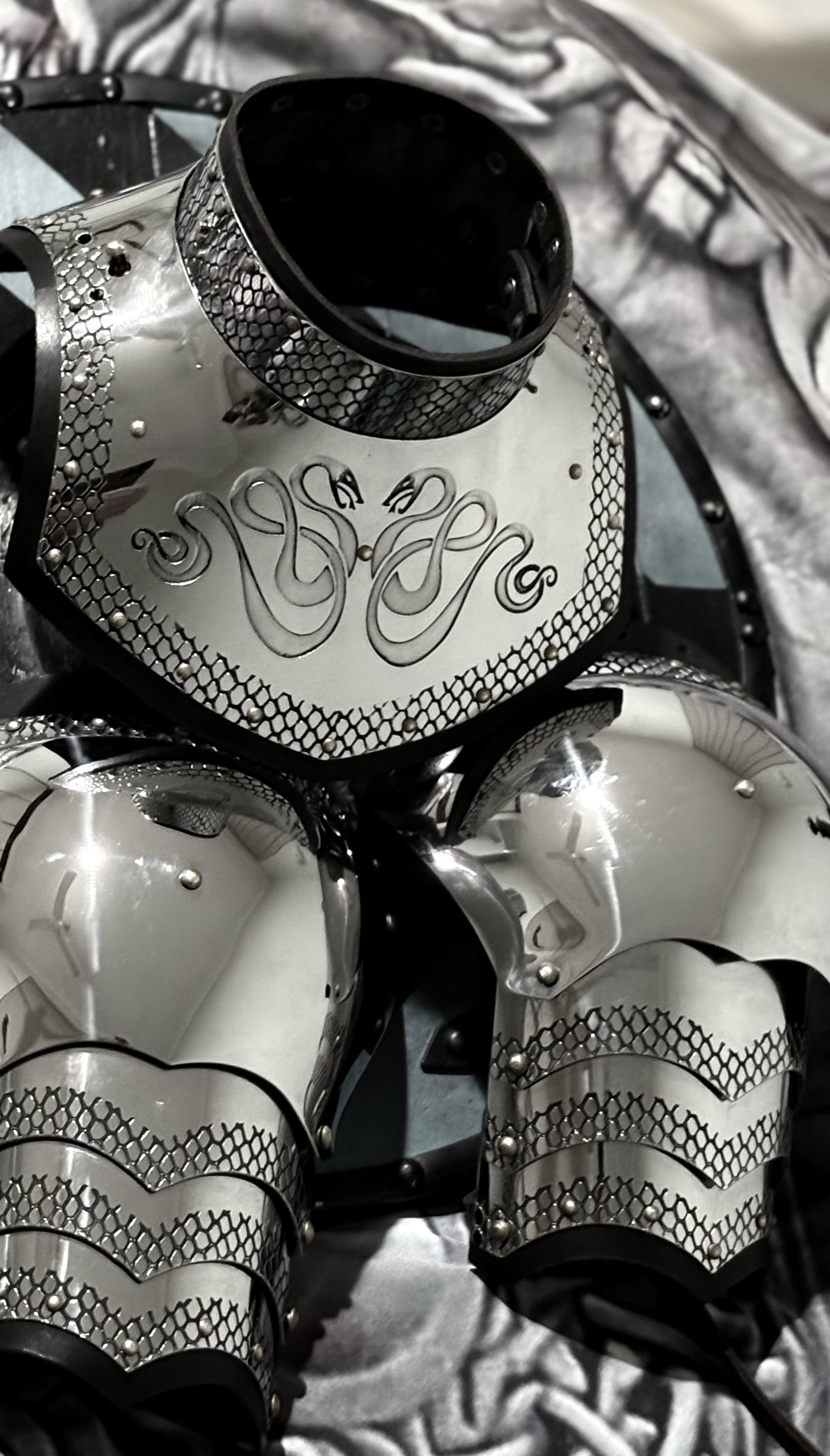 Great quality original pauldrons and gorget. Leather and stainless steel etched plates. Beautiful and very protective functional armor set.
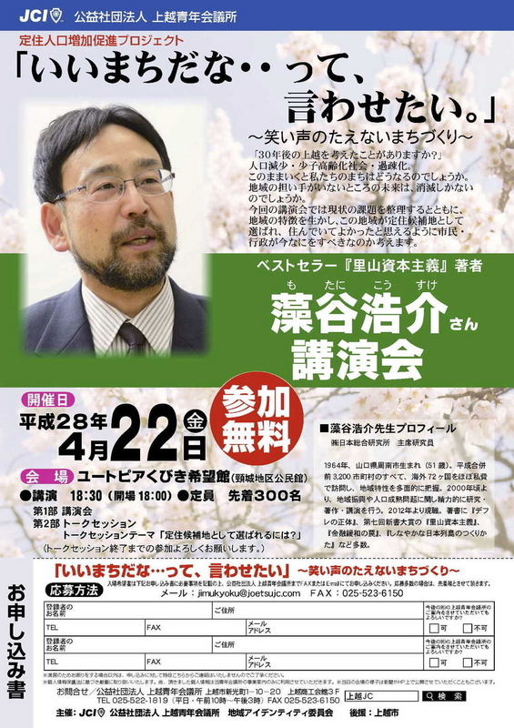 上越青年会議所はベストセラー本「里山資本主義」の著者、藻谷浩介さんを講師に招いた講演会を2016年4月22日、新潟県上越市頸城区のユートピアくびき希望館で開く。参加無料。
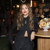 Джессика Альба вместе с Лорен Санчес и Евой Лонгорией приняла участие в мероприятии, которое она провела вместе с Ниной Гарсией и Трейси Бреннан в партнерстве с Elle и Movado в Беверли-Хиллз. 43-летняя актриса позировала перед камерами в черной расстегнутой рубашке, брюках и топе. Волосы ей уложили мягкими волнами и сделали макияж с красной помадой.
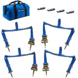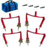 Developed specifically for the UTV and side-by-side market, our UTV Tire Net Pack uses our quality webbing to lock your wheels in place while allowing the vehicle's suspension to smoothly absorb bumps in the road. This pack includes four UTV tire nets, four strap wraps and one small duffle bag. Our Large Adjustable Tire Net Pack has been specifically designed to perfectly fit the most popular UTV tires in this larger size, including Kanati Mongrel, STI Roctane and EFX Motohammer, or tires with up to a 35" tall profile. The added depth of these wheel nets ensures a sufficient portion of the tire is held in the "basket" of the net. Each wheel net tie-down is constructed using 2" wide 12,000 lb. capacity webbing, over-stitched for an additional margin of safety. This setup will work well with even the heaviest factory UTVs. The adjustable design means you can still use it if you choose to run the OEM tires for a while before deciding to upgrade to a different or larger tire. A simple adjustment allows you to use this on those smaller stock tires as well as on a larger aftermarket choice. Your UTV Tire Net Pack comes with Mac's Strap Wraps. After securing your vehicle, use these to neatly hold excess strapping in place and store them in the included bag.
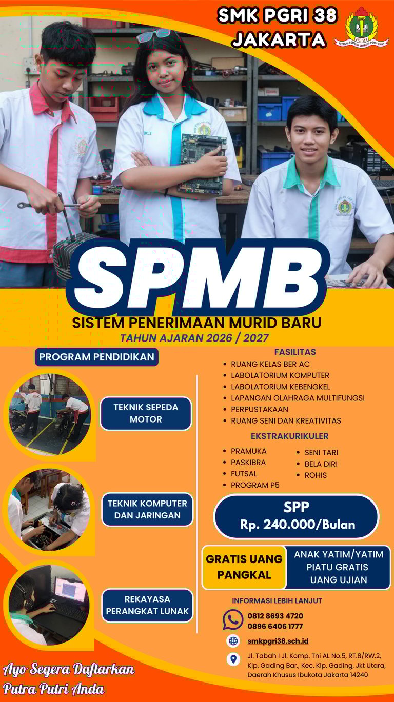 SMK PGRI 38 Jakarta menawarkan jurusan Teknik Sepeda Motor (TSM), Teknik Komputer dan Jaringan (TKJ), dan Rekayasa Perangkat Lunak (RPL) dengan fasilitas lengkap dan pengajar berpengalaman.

----------------------------------------

(Work to complete)
Every entry above has to be repeated exactly, apart from its pictures.

(Worked solution)
 Great quality original pauldrons and gorget. Leather and stainless steel etched plates. Beautiful and very protective functional armor set.
 上越青年会議所はベストセラー本「里山資本主義」の著者、藻谷浩介さんを講師に招いた講演会を2016年4月22日、新潟県上越市頸城区のユートピアくびき希望館で開く。参加無料。
 Джессика Альба вместе с Лорен Санчес и Евой Лонгорией приняла участие в мероприятии, которое она провела вместе с Ниной Гарсией и Трейси Бреннан в партнерстве с Elle и Movado в Беверли-Хиллз. 43-летняя актриса позировала перед камерами в черной расстегнутой рубашке, брюках и топе. Волосы ей уложили мягкими волнами и сделали макияж с красной помадой.
 Developed specifically for the UTV and side-by-side market, our UTV Tire Net Pack uses our quality webbing to lock your wheels in place while allowing the vehicle's suspension to smoothly absorb bumps in the road. This pack includes four UTV tire nets, four strap wraps and one small duffle bag. Our Large Adjustable Tire Net Pack has been specifically designed to perfectly fit the most popular UTV tires in this larger size, including Kanati Mongrel, STI Roctane and EFX Motohammer, or tires with up to a 35" tall profile. The added depth of these wheel nets ensures a sufficient portion of the tire is held in the "basket" of the net. Each wheel net tie-down is constructed using 2" wide 12,000 lb. capacity webbing, over-stitched for an additional margin of safety. This setup will work well with even the heaviest factory UTVs. The adjustable design means you can still use it if you choose to run the OEM tires for a while before deciding to upgrade to a different or larger tire. A simple adjustment allows you to use this on those smaller stock tires as well as on a larger aftermarket choice. Your UTV Tire Net Pack comes with Mac's Strap Wraps. After securing your vehicle, use these to neatly hold excess strapping in place and store them in the included bag.
 SMK PGRI 38 Jakarta menawarkan jurusan Teknik Sepeda Motor (TSM), Teknik Komputer dan Jaringan (TKJ), dan Rekayasa Perangkat Lunak (RPL) dengan fasilitas lengkap dan pengajar berpengalaman.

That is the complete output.